Lo único bueno es que la mayoría de la gente está en el salón de banquetes en lugar de merodear por los vestidores, pero aun así demasiados vieron lo que pasó.
¡Ese es el collar de MI madre, lo sé!
George se lo mandó a hacer a medida y ella no lo vendería.
¡Y mucho menos a esa cosa arrogante!
No sé quién es, pero es obvio que es alguien importante si el mismísimo Kingston Reina la defendió.
Se parece a la ex de George, ¡pero es imposible que una basura huérfana como ella pudiera permitirse entrar en esa tienda, y mucho menos mirarla!
Esa mujer…
no, no podía ser Ella, ¡me niego a creerlo!
Era solo una doble.
Una perra irritante y engreída que compartía su nombre, pero solo una doble.
Nada…
nada más que eso.
Además, ¿llevarme a juicio?
¡Ja!
¡Mi hermano es el mejor en su campo!
No hay forma de que gane una demanda si él me defiende, pero…
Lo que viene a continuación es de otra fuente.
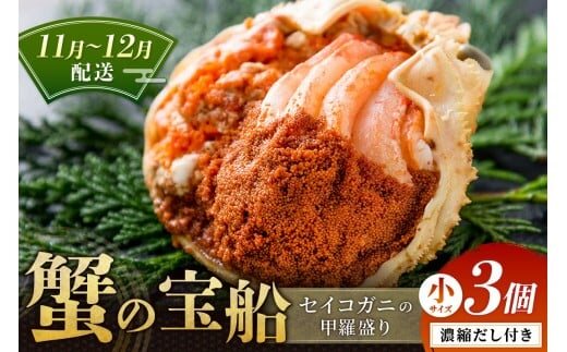 【蟹の匠 魚政】セイコガニの甲羅盛り 蟹の宝船(たからぶね)小サイズ3個セット 濃縮ダシ付(11月~12月発送) UO01237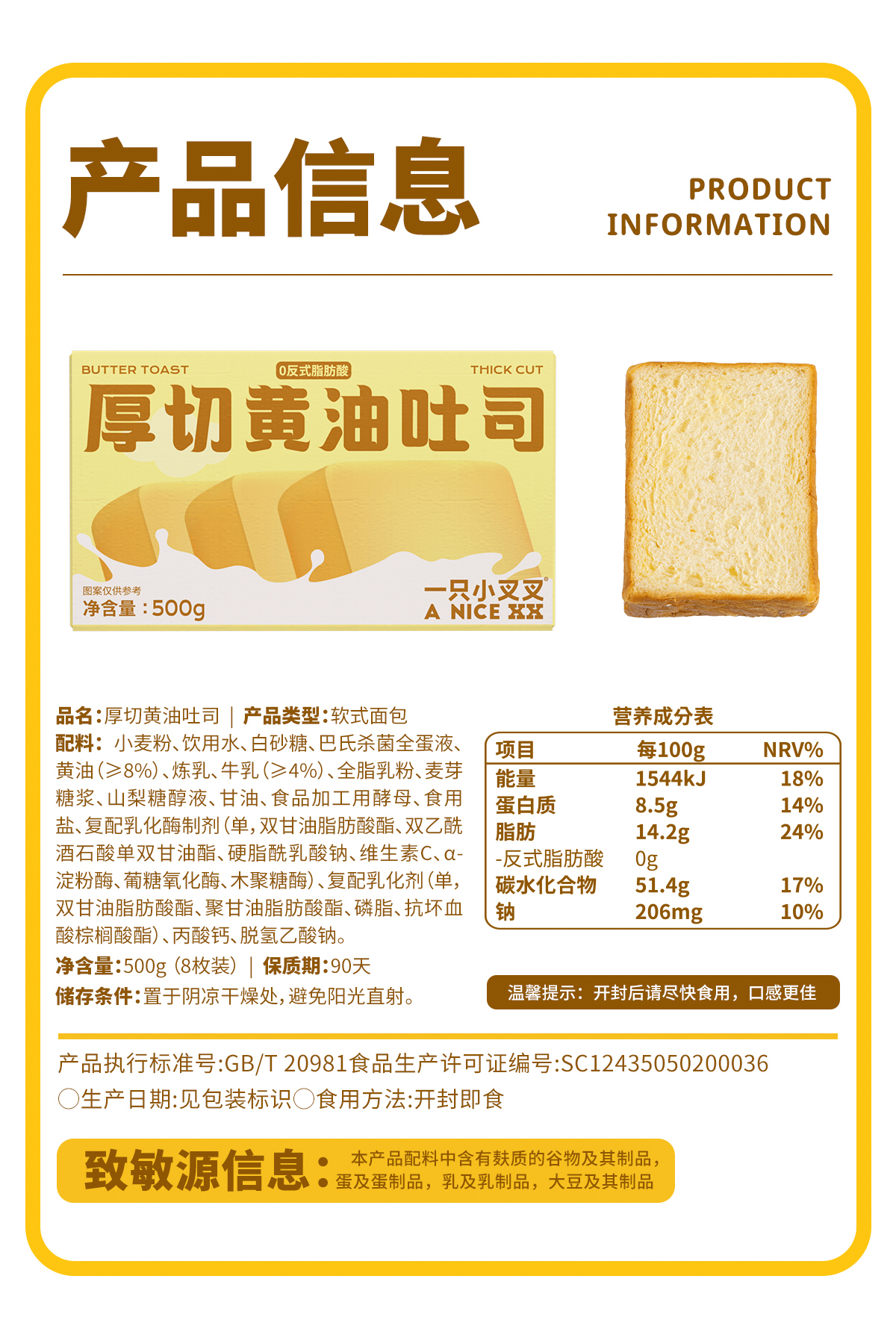 【产品名称】一只小叉叉厚切黄油吐司 【产品规格】500g一箱 【发货地】福建泉州 【合作快递】圆通韵达(暂不接受备注指定其他快递哦) 【不发货地区】新疆、西藏、内蒙古、青海、港澳台及海外地区、疫情地区 【主要成分】小麦粉、饮用水、白砂糖、巴氏杀菌全蛋液、黄油(≧8%)等 【生产日期】近半个月内生产 【储存方式】:常温储存 【保质期】3个月 【适合人群】建议3岁以上人群食用,孕妇可食用,儿童及老人请在监护下食用 【售后相关】食品类暂不支持七天无理由退款 |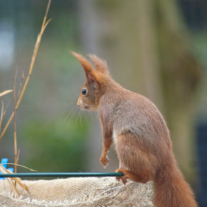 Während die Arbeit an unserem Garten noch auf das Ende der Winterpause wartet, hat ein Besucher auf unserer Terasse sich schon mal mit passendem Nistmaterial eingedeckt.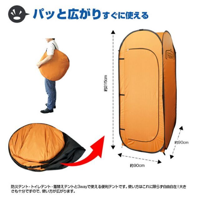 プライバシー確保に!どこでも簡単に設置可能!そこが個室に早変わり!テントはワンタッチで組み立て可能。特に難しい作業無くカンタンです。

George ha estado un poco diferente desde su divorcio.
Ha cambiado.
Uno pensaría que estaría feliz de haberse librado por fin de esa mendiga que se hacía pasar por su esposa y de tomar a una reina de los medios como Charlotte como su nueva mujer, pero no.
Se está mostrando terco.
Aun así, la situación es extraña…
—¿Cómo terminó ese collar en manos de esa mujer?
—le pregunto a mi madre.
George le compró ese collar como regalo después de que me casara con mi adorable marido.
Nosotros, por desgracia, no somos tan ricos como George, pero somos millonarios, así que la vida sigue siendo lujosa, como debe ser.
—B-bueno, si ese collar es auténtico, ¡entonces probablemente lo vendieron aquí!
—exclama ella—.
Alguien más lo vendió aquí y el señor Kingston lo compró.
Lo siento, Jessica, luchaste tanto por mí y aun así no pude defenderte.
—Oh, mamá, no tienes por qué disculparte.
En todo caso, siento que tuvieras que verme así.
¡Estoy segura de que si le contamos a George lo que ha pasado, se asegurará de que el canalla que haya hecho esto acabe entre rejas!
¡Estoy segura de que fue esa mujer horrible, Ella, quien lo hizo!
¡Esa ladronzuela!
Obligó a mi hermano a casarse con ella y luego tuvo la audacia de robar tus cosas.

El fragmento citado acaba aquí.